2014-12-30 11:50:02 GET /ucwa/v1/applications/21223095915/events ack=3&low=5&medium=5&timeout=180&priority=141994047&X-ARR-CACHE-HIT=0&X-ARR-LOG-ID=42ec39b2-cb68-4ad3-8ab8-8ba781a7bcba 443 – 184.108.40.206 Mozilla/5.0+(Windows+Phone+8.1;+ARM;+Trident/7.0;+Touch;+rv:11.0;+IEMobile/11.0;+NOKIA;+Lumia+920)+like+Gecko - 502 3 12002 33124
The end of the error is the part that is most important at this stage, we see “502 3″ which means we received a 502.3 error and interestingly we also see that 33.124 seconds elapsed without a response, which caused the timeout to occur, this is shown by the very last line in the above output, the 33124 is represented in milliseconds which converted in seconds is 33.124. This confused me somewhat initially as I had already configured my webservices proxy timeout to be 960 seconds, which should have avoided this timeout issue.
3. To further investigate the issue, we can additionally configure an IIS logging utility entitled Failed Request Tracing Rules, this feature allows us to trigger a report and accompanying log file if a particular exception is matched, in my case I wanted to trigger an exception when a 502.x error was produced. This can be configured be opening the IIS Management Console and selecting the “Server Name” node to display the IIS Home options.
On double clicking the Failed Request Tracing Rules icon, click Add in the top right hand corner of the screen and a new dialog box will be presented.
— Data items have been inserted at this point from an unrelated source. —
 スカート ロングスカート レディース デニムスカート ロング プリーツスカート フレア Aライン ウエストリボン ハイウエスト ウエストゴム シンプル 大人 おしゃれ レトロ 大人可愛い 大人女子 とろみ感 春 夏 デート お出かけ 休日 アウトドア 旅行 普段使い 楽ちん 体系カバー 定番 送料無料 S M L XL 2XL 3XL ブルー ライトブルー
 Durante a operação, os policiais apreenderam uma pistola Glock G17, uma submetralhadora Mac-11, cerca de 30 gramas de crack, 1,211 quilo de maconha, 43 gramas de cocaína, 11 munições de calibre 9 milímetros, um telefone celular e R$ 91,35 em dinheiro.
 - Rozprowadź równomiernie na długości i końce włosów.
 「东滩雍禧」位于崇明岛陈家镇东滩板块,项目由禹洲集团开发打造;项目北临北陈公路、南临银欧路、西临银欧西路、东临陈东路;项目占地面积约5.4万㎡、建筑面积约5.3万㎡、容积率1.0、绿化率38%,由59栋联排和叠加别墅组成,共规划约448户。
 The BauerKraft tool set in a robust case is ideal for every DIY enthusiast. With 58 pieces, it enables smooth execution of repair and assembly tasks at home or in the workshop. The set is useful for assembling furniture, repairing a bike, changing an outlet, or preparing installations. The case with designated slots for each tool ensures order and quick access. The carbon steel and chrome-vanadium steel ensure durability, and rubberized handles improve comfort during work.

In this box, click Next on the first presented screen, in the next window enter 502 in the “Status Codes” dialog box area and click Next. In the “Select Trace Providers” window, ensure only “WWW Server” is selected and click Finish.
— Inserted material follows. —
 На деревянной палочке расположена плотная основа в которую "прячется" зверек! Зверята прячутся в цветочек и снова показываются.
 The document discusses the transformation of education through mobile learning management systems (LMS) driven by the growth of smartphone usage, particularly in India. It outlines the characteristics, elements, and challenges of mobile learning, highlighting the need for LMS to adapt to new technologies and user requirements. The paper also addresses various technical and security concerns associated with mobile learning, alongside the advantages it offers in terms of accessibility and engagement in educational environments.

4. Once the tracing rule has been created, again reproduce the timout issue on a Lync Mobile client and when complete a new IIS log file will be available in the following location “C:\inetpub\logs\FailedReqLogFiles\W3SVC1″ and an accompanying report will have been produced in an XML format, typically entitled “fr000001″. Proceed and open the XML file in Internet Explorer and when reviewing the content we will be able to identify which application routing request triggered the timeout, as detailed below.
As we can see under the URL_Changed value, the timeout was actually being encounterd when the https://meet.domain.com URL was being queried, this was confirmed by matching the GET command that was detailed in the original IIS log file and then matching this to the URL detailed in the Failed Request Tracing Report. On increasing the proxy timeout value for the meet.domain.com server farm in IIS ARR to 960 seconds, the issue was resolved. As to why this problem occurred specifically within this environment and as to why the reverse proxy was seeing a URL for https://meet.domain.com/ucwa/v1/applications, which is a web services directory thus meaning the queried URL is actually invalid, compared to others that I have deployed, I cannot currently say for sure however I even went as far as installing ARR 2.5 on Windows Server 2012 and experienced an identical issue. Hopefully this will assist someone else from a troubleshooting perspective at least.